→ **PROVIDED RECORDS**
◆ ◆ ◆ ◆
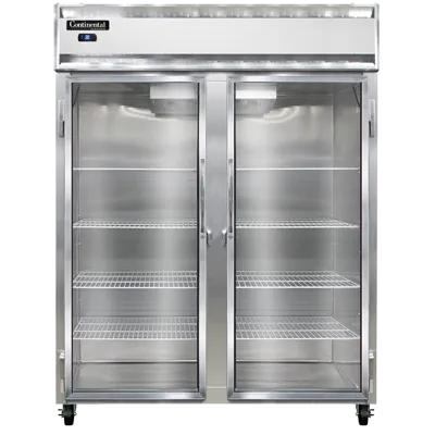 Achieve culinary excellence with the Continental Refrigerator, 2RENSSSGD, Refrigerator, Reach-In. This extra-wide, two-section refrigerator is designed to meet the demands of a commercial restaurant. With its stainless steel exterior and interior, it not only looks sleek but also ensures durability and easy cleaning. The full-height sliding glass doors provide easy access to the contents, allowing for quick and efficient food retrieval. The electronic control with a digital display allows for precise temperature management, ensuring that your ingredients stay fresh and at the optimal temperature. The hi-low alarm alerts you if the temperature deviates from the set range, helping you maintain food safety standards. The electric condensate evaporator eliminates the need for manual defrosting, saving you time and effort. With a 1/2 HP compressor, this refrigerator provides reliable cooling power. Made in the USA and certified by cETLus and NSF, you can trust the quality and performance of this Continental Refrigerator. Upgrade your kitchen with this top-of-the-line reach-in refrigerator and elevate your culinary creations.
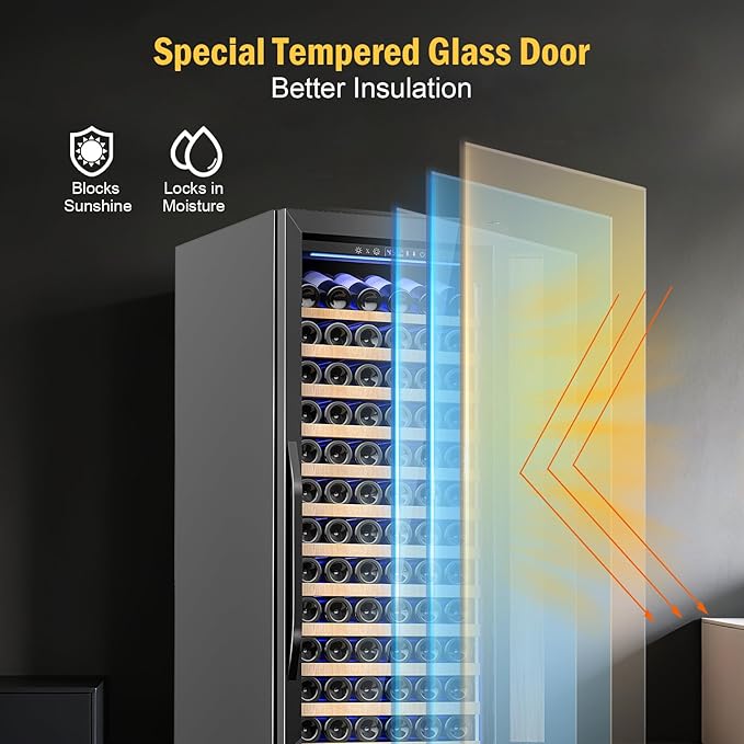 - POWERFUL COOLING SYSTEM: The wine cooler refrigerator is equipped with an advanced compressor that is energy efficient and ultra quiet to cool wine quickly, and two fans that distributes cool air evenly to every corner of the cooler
◆ ◆ ◆ ◆
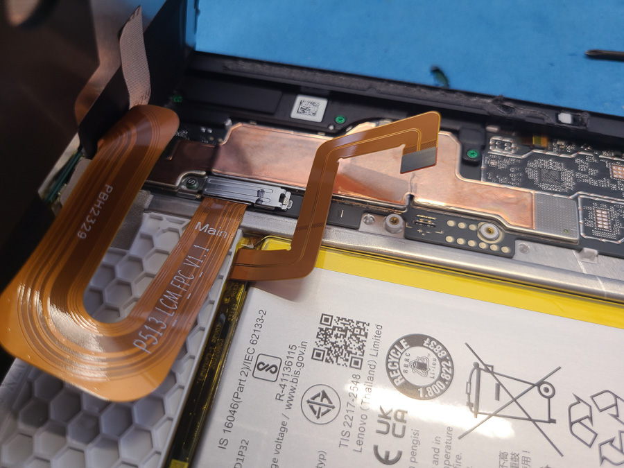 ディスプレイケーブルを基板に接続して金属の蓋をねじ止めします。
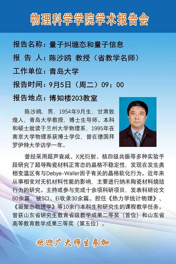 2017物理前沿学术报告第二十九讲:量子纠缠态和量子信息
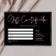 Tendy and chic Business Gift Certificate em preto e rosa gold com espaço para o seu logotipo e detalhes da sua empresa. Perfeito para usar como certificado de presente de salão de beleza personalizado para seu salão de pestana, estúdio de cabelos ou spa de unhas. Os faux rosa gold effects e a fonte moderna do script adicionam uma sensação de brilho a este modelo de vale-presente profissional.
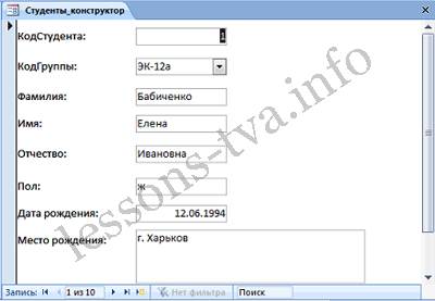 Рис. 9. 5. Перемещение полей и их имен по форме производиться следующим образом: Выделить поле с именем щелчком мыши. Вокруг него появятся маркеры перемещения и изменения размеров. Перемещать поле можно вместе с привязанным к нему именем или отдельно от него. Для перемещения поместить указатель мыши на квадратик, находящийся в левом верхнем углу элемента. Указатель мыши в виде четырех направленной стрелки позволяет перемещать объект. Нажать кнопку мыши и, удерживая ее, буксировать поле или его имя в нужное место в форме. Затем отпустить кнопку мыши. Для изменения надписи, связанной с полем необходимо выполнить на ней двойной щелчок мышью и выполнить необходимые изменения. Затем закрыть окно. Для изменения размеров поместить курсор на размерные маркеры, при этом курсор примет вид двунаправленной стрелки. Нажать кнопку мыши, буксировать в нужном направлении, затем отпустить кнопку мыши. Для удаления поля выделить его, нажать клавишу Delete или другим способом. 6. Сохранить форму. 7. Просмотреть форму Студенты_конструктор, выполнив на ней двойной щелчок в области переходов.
◆ ◆ ◆ ◆
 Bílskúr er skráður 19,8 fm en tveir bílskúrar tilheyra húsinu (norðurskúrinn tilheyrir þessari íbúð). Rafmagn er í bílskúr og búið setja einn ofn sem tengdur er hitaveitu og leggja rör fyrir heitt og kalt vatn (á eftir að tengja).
◆ ◆ ◆ ◆
An exact copy is needed. It runs from the line above containing "ディスプレイケーブルを基板に接続して金属の蓋をねじ止めします。" down to the line containing "Рис. 9. 5. Перемещение", both included, with no pictures.

 ディスプレイケーブルを基板に接続して金属の蓋をねじ止めします。
 2017物理前沿学术报告第二十九讲:量子纠缠态和量子信息
 Tendy and chic Business Gift Certificate em preto e rosa gold com espaço para o seu logotipo e detalhes da sua empresa. Perfeito para usar como certificado de presente de salão de beleza personalizado para seu salão de pestana, estúdio de cabelos ou spa de unhas. Os faux rosa gold effects e a fonte moderna do script adicionam uma sensação de brilho a este modelo de vale-presente profissional.
 Рис. 9. 5. Перемещение полей и их имен по форме производиться следующим образом: Выделить поле с именем щелчком мыши. Вокруг него появятся маркеры перемещения и изменения размеров. Перемещать поле можно вместе с привязанным к нему именем или отдельно от него. Для перемещения поместить указатель мыши на квадратик, находящийся в левом верхнем углу элемента. Указатель мыши в виде четырех направленной стрелки позволяет перемещать объект. Нажать кнопку мыши и, удерживая ее, буксировать поле или его имя в нужное место в форме. Затем отпустить кнопку мыши. Для изменения надписи, связанной с полем необходимо выполнить на ней двойной щелчок мышью и выполнить необходимые изменения. Затем закрыть окно. Для изменения размеров поместить курсор на размерные маркеры, при этом курсор примет вид двунаправленной стрелки. Нажать кнопку мыши, буксировать в нужном направлении, затем отпустить кнопку мыши. Для удаления поля выделить его, нажать клавишу Delete или другим способом. 6. Сохранить форму. 7. Просмотреть форму Студенты_конструктор, выполнив на ней двойной щелчок в области переходов.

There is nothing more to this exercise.